Dataset records:
────────

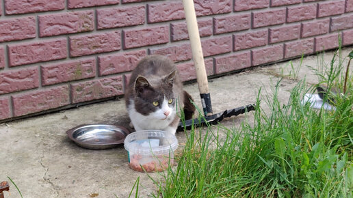 Бездомная кошка испугалась голодного кота и уступила ему миску с едой. Накормили серого кота кормом для кошек, а кошка наблюдает за ним
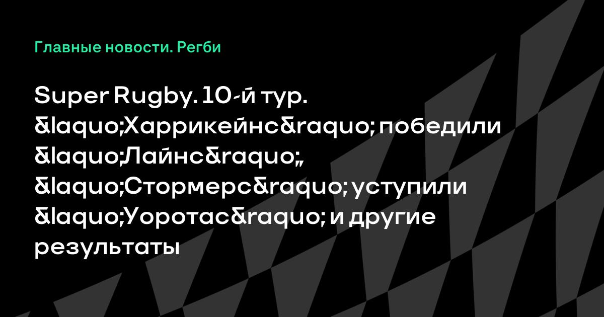 На этой неделе прошел 10-й тур в регбийной лиге Super Rugby. «Харрикейнс» победили «Лайнс» (50:17), «Стормерс» уступили «Уоротас» (30:32).
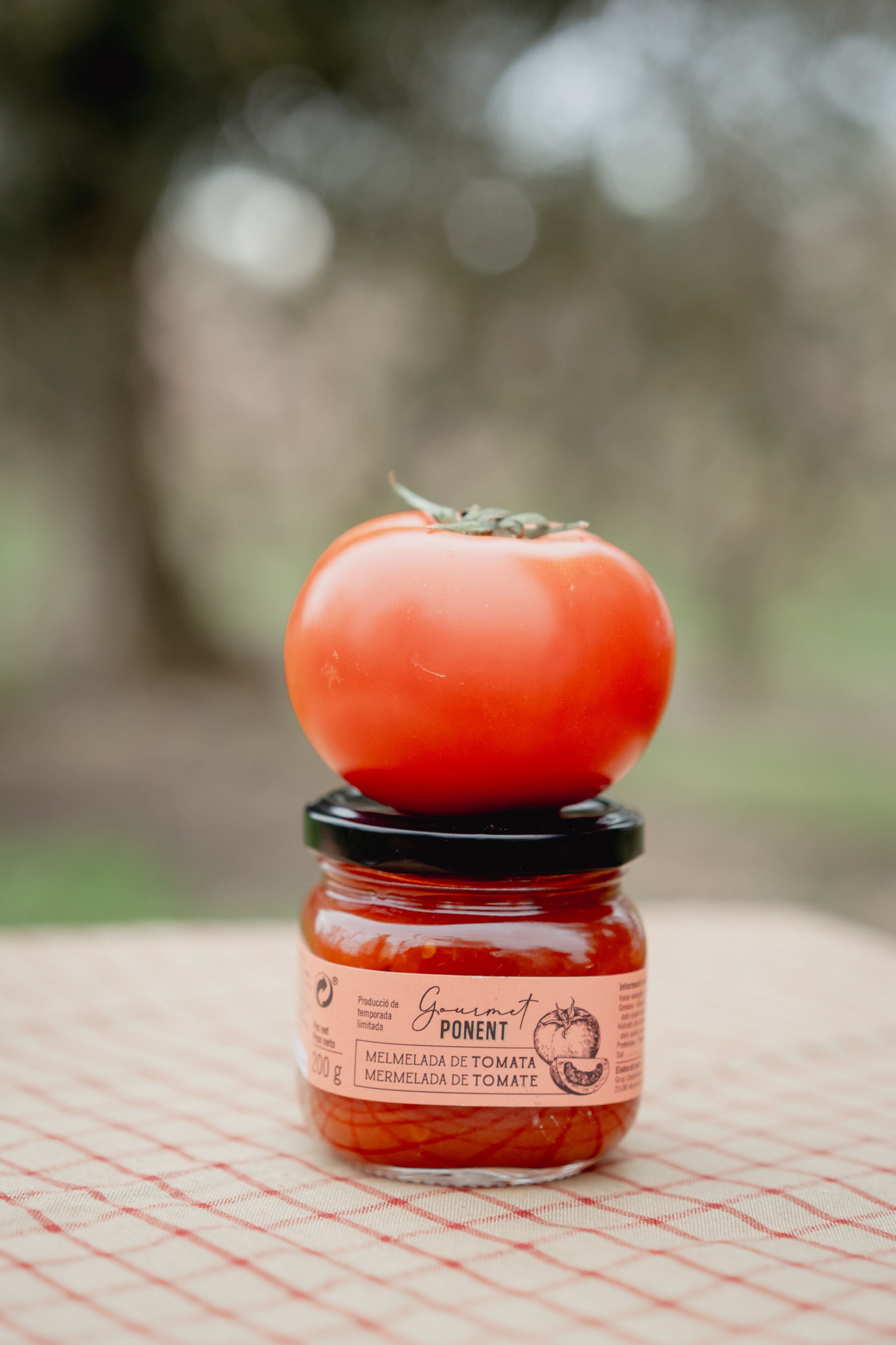 La nostra melmelada de tomàquet s'elabora mitjançant un mètode tradicional que busca l'equilibri perfecte entre la dolçor del sucre i l'acidesa natural del fruit. El procés comença amb la selecció de tomàquets madurs, que es preparen a partir de la cocció de peces senceres o trossejades.
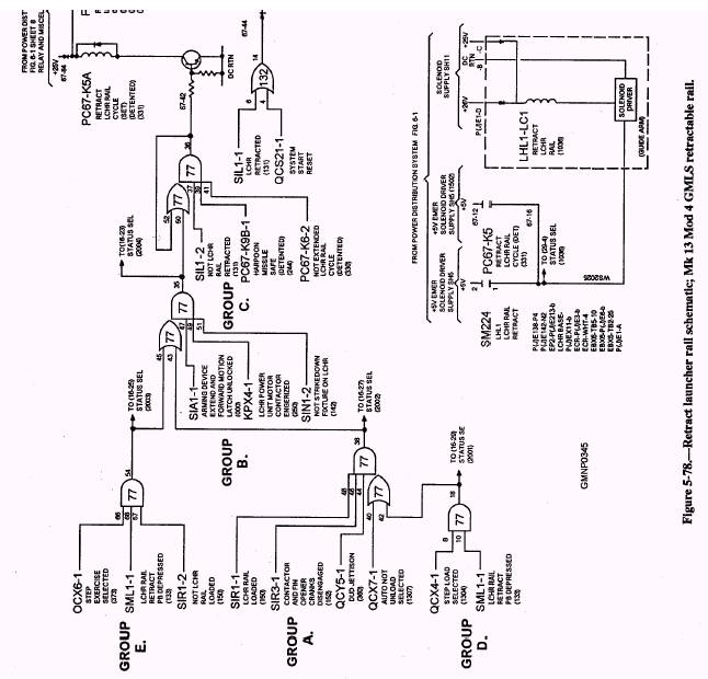 RETRACT LAUNCHER RAIL Retracting the launcher rail during a missile firing does not (directly) involve the solid-state circuit in figure 5-78. After the rocket motor of the missile ignites, the round travels about 20 inches up the rail. The forward missile shoe contacts the retract trigger located on the underside of the rail. The trigger shifts (or cams) a valve to start the hydraulic-mechanical actions that move the rail. The rail retracts to provide clearance for the tail-control surfaces of the missile as the round leaves the launcher. However, in dud jettison, step-load, or exercise operations, the solid-state circuit is directly involved in initiating a retract cycle. Solid-state interlocks are used to ensure equipment conditions are correct before energizing the retract launcher rail solenoid LHL1-LC1. The solenoid, located in the guide arm, then initiates the hydraulic-mechanical actions to retract the rail. Auto-Not-Unload Circuit (Jettison) The auto-not-unload circuit is the primary signal path used to retract the launcher rail. The object of this circuit is to energize relay coil PC67-K5A, RETRACT LAUNCHER RAIL CYCLE (SET) (DETENTED). When the A- or set-coil energizes, the PC67-K5 contacts close. This action applies a +5-volt input signal to LHL1-LC1's solenoid driver circuit. The solenoid driver circuit activates and energizes the LC1 coil. The following logic gate inputs must be satisfied to energize PC67-K5A. They are listed (and explained) by groups for ease of presentation. Locate them in figure 5-78. GROUP A: 1. SIR1-1-Launcher rail loaded 2. SIR3-1-Contactor and fin opener cranks disengaged 3. QCY5-1-Dud jettison 4. QCX7-1-Auto-not-unload selected GROUP B: 1. SIA1-1-Arming device extended and forward-motion latch unlocked 2. KPX4-1-Launcher power unit motor contactor energized 3. SIN1-2-Not strike-down fixture on launcher GROUP C: 1. SIL1-2-Not launcher rail retracted 2. PC67-K9B-1-Harpoon missile safe (detented) 3. PC67-K6-2-Not extend launcher rail cycle (detented)
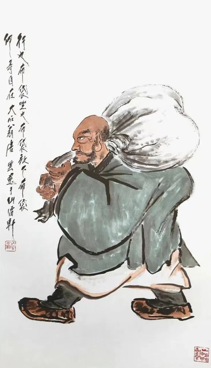 唐云先生人物画画得不多,却颇有特色,尤其是他画的钟馗、达摩、弥陀等道释人物,既有陈洪绶、金冬心、任伯年独特简约的造型,又有齐白石生辣拙趣的风味,无论是造型、笔墨,还是线条、着色均别具一格,有着强烈的个人风貌。他画的钟馗、面壁罗汉有着红衣或绿衣的,而且多置身于山林丘壑之中,风格多样,笔墨精致。他画的布袋和尚更具特色,宋人梁楷也曾作布袋和尚,肥胖的和尚捧腹而坐。而先生笔下的布袋和尚却是位瘦小的老僧,肩上背着个大布袋,踽踽而行,独创的脸部造型,宽大的中式外衣,用笔生拙,着色雅致,笔简神完,颇有禅意。
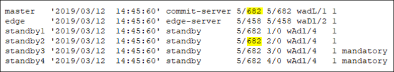 Later, again on master, we invoke p4 servers -J to see that standby2 has progressed to 682, which matches master and indicates that standby2 has a current journalcopy.

────────

**Problem to work on**
Reproduce these records exactly, but not the pictures.

**Answer to the exercise**
 Бездомная кошка испугалась голодного кота и уступила ему миску с едой. Накормили серого кота кормом для кошек, а кошка наблюдает за ним
 На этой неделе прошел 10-й тур в регбийной лиге Super Rugby. «Харрикейнс» победили «Лайнс» (50:17), «Стормерс» уступили «Уоротас» (30:32).
 La nostra melmelada de tomàquet s'elabora mitjançant un mètode tradicional que busca l'equilibri perfecte entre la dolçor del sucre i l'acidesa natural del fruit. El procés comença amb la selecció de tomàquets madurs, que es preparen a partir de la cocció de peces senceres o trossejades.
 RETRACT LAUNCHER RAIL Retracting the launcher rail during a missile firing does not (directly) involve the solid-state circuit in figure 5-78. After the rocket motor of the missile ignites, the round travels about 20 inches up the rail. The forward missile shoe contacts the retract trigger located on the underside of the rail. The trigger shifts (or cams) a valve to start the hydraulic-mechanical actions that move the rail. The rail retracts to provide clearance for the tail-control surfaces of the missile as the round leaves the launcher. However, in dud jettison, step-load, or exercise operations, the solid-state circuit is directly involved in initiating a retract cycle. Solid-state interlocks are used to ensure equipment conditions are correct before energizing the retract launcher rail solenoid LHL1-LC1. The solenoid, located in the guide arm, then initiates the hydraulic-mechanical actions to retract the rail. Auto-Not-Unload Circuit (Jettison) The auto-not-unload circuit is the primary signal path used to retract the launcher rail. The object of this circuit is to energize relay coil PC67-K5A, RETRACT LAUNCHER RAIL CYCLE (SET) (DETENTED). When the A- or set-coil energizes, the PC67-K5 contacts close. This action applies a +5-volt input signal to LHL1-LC1's solenoid driver circuit. The solenoid driver circuit activates and energizes the LC1 coil. The following logic gate inputs must be satisfied to energize PC67-K5A. They are listed (and explained) by groups for ease of presentation. Locate them in figure 5-78. GROUP A: 1. SIR1-1-Launcher rail loaded 2. SIR3-1-Contactor and fin opener cranks disengaged 3. QCY5-1-Dud jettison 4. QCX7-1-Auto-not-unload selected GROUP B: 1. SIA1-1-Arming device extended and forward-motion latch unlocked 2. KPX4-1-Launcher power unit motor contactor energized 3. SIN1-2-Not strike-down fixture on launcher GROUP C: 1. SIL1-2-Not launcher rail retracted 2. PC67-K9B-1-Harpoon missile safe (detented) 3. PC67-K6-2-Not extend launcher rail cycle (detented)
 唐云先生人物画画得不多,却颇有特色,尤其是他画的钟馗、达摩、弥陀等道释人物,既有陈洪绶、金冬心、任伯年独特简约的造型,又有齐白石生辣拙趣的风味,无论是造型、笔墨,还是线条、着色均别具一格,有着强烈的个人风貌。他画的钟馗、面壁罗汉有着红衣或绿衣的,而且多置身于山林丘壑之中,风格多样,笔墨精致。他画的布袋和尚更具特色,宋人梁楷也曾作布袋和尚,肥胖的和尚捧腹而坐。而先生笔下的布袋和尚却是位瘦小的老僧,肩上背着个大布袋,踽踽而行,独创的脸部造型,宽大的中式外衣,用笔生拙,着色雅致,笔简神完,颇有禅意。
 Later, again on master, we invoke p4 servers -J to see that standby2 has progressed to 682, which matches master and indicates that standby2 has a current journalcopy.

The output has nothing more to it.